Well, I’m happy to give some more information on this and I would be glad to publish some measurements of the finalized speaker, though sometimes 3rd parties like Stereophile or Soundstage are better at this as an unbiased 3rd party, so you can compare against other products in the same measurement conditions.
Regarding the coaxial mid-tweeter, planars ribbons done right have the the best sounding midrange that I’ve encountered. Some of the reasons behind this include a diaphragm that is directly driven across it’s entire surface with no transitional components (spiders, surrounds, former, glue joints), essentially zero inductance, and incredibly low mass (lower than the air load that it is driving), resulting in very low objectionable distortion and intrinsically very high damping. Even the very best cone drivers have some consequences from break-up in their pass band and can’t match some of these performance characteristics.
However, excursion on planar ribbons is quite low (in the range of 1 mm at the center of the diaphragm, in our case) and so, for a given low frequency cutoff, they must have a quite a lot of diaphragm area, relative to a cone driver (with greater diaphragm displacement).
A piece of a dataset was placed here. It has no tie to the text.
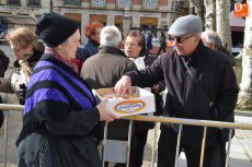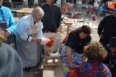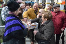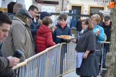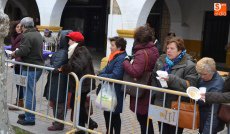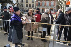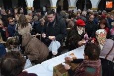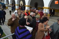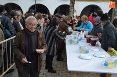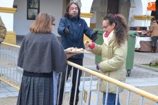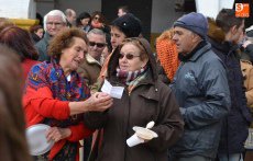 [Img #571330]Aunque el sol fue apareciendo y desapareciendo, hubo poco público en el tramo inicial de la mañana, en el cual se repartieron perronillas, mantecados y aguardiente. Estos productos se agotaron cuando llegó -ya con la mañana avanzada- un numerosísimo grupo de turistas.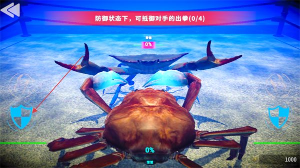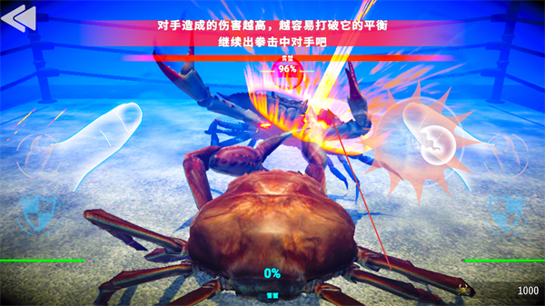 1、根据提示,点击画面左侧或右侧区域出拳,操控螃蟹攻击对手。

Making the diaphragm smaller or clamping it to make a tweeter in the middle (as one manufacturer does) greatly increases the resonance and limits the lower frequency extension further. Still, as a result, at about 5" x 10", our mid-range driver is larger than optimal for crossing over in the traditional tweeter range. In an axi-symmetric driver, this beaming frequency is commonly referred to as ka=2 and relates to the frequency versus source (driver) size.
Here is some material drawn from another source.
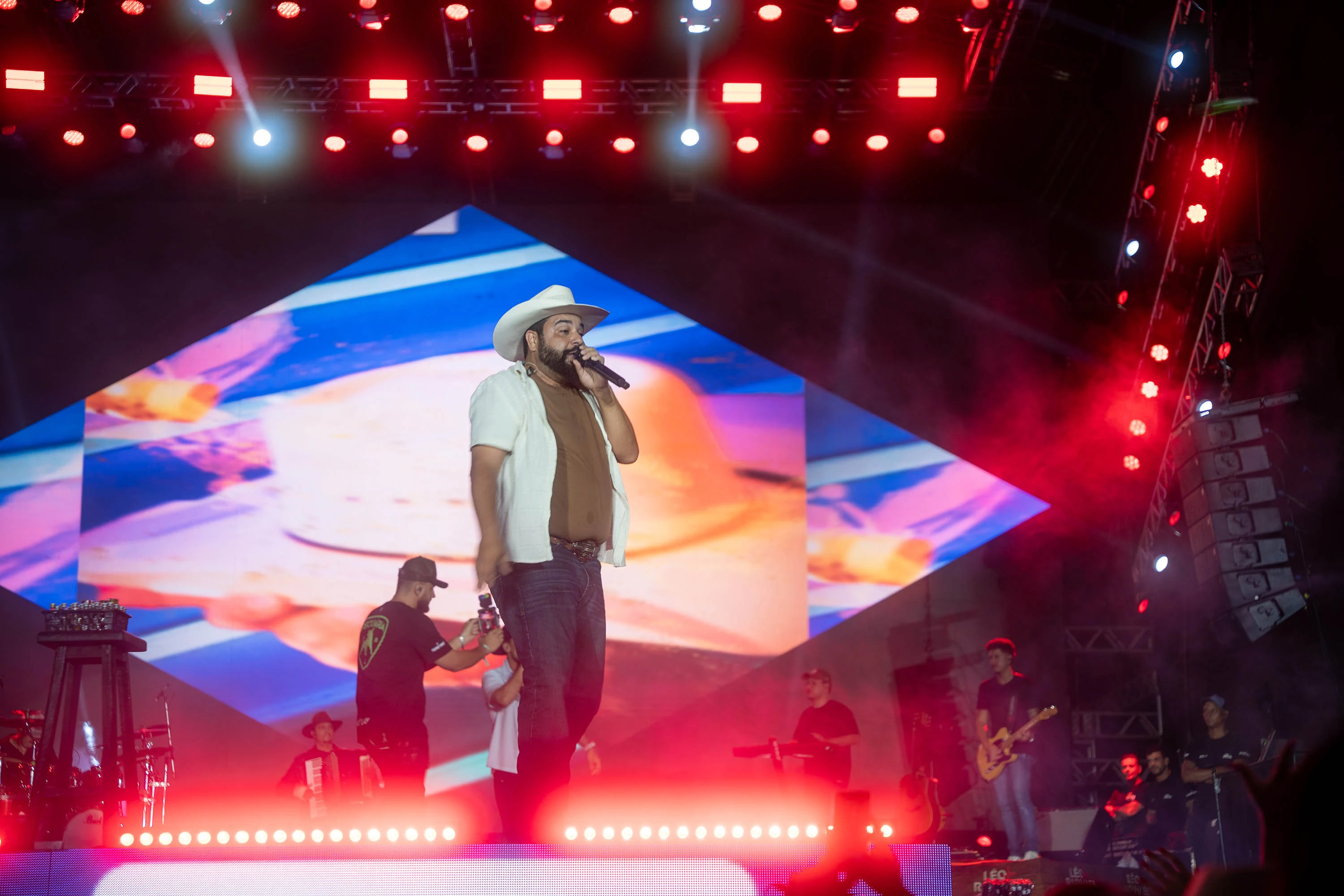 Naturais do Norte do Estado – Léo é de Londrina e Raphael da vizinha Cambé –, os paranaenses estouraram no Brasil com a música “Os menino da pecuária”, de 2021, que tem mais de 165 milhões de visualizações só no Youtube. Mas foi outro hit que abriu a noite em Pontal, “Agro é Top”, que ultrapassa 21 milhões de plays na plataforma de vídeos.

Though horizontally, as a >5" source things are quite wide in the frequencies in question, with a 10" height, things would beam above ~1khz… While we have ears on the side of our heads and are more sensitive laterally, having a large notch in the vertical off-axis response is still detrimental to the tonality of the early reflection and total sound power in the room.
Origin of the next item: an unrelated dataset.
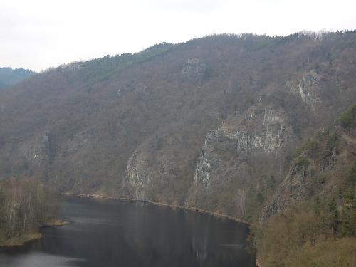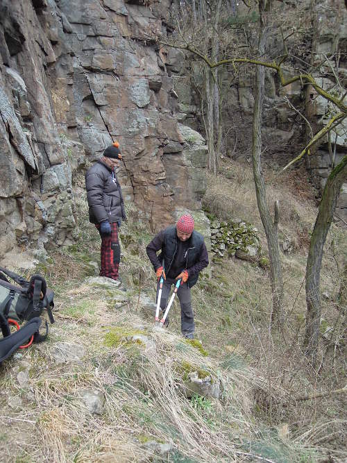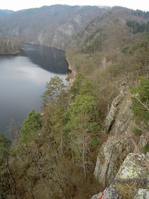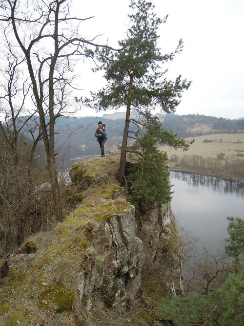 Tentokrát padla volba na Pakostu. Chtěli jsme si zalézt a využít toho, že kluci už tam byli a znají přístup. Ha chyba, už je to trochu dýl, takže až třetí odbočka je ta správná. Autem po silnici č. 118 do Zduchovic, na Žebrákov, minete odbočku vpravo do lesa se zákazem vjezdu a další štěrková polňačka vpravo už vede správně do cípu louky u lesa. Dál pěšky levou lesní cestou a pěšinou na hranu svahu nad Vltavou, pod kterým jsou skály.

The solution that we have with coaxially mounting the tweeter keeps the benefits in the midrange of using a plan but gives much more constant directivity in both axes. While it looks like the tweeter is obstructing the midrange output, it in fact is not. Yes, that would be the case at very high frequency. However, while a bit counter intuitive, at lower frequency (because of the wavelengths involved and behavior of drivers in the nearfield) the midrange doesn’t “see” the tweeter. The tweeter is literally sitting on the midrange and are only .5" apart between the planes of the diaphragms.
This also bears itself out in the measurements and beyond a very small cavity resonance that we damp completely with some felt, the behavior is pretty textbook. Coaxials almost always measure slightly worse on-axis (because of some of the symmetric reflections and baffle stuff) but the total system response (including the vertical and oblique angles) is between and the overall integration and sense of coherenace that is hard to beat.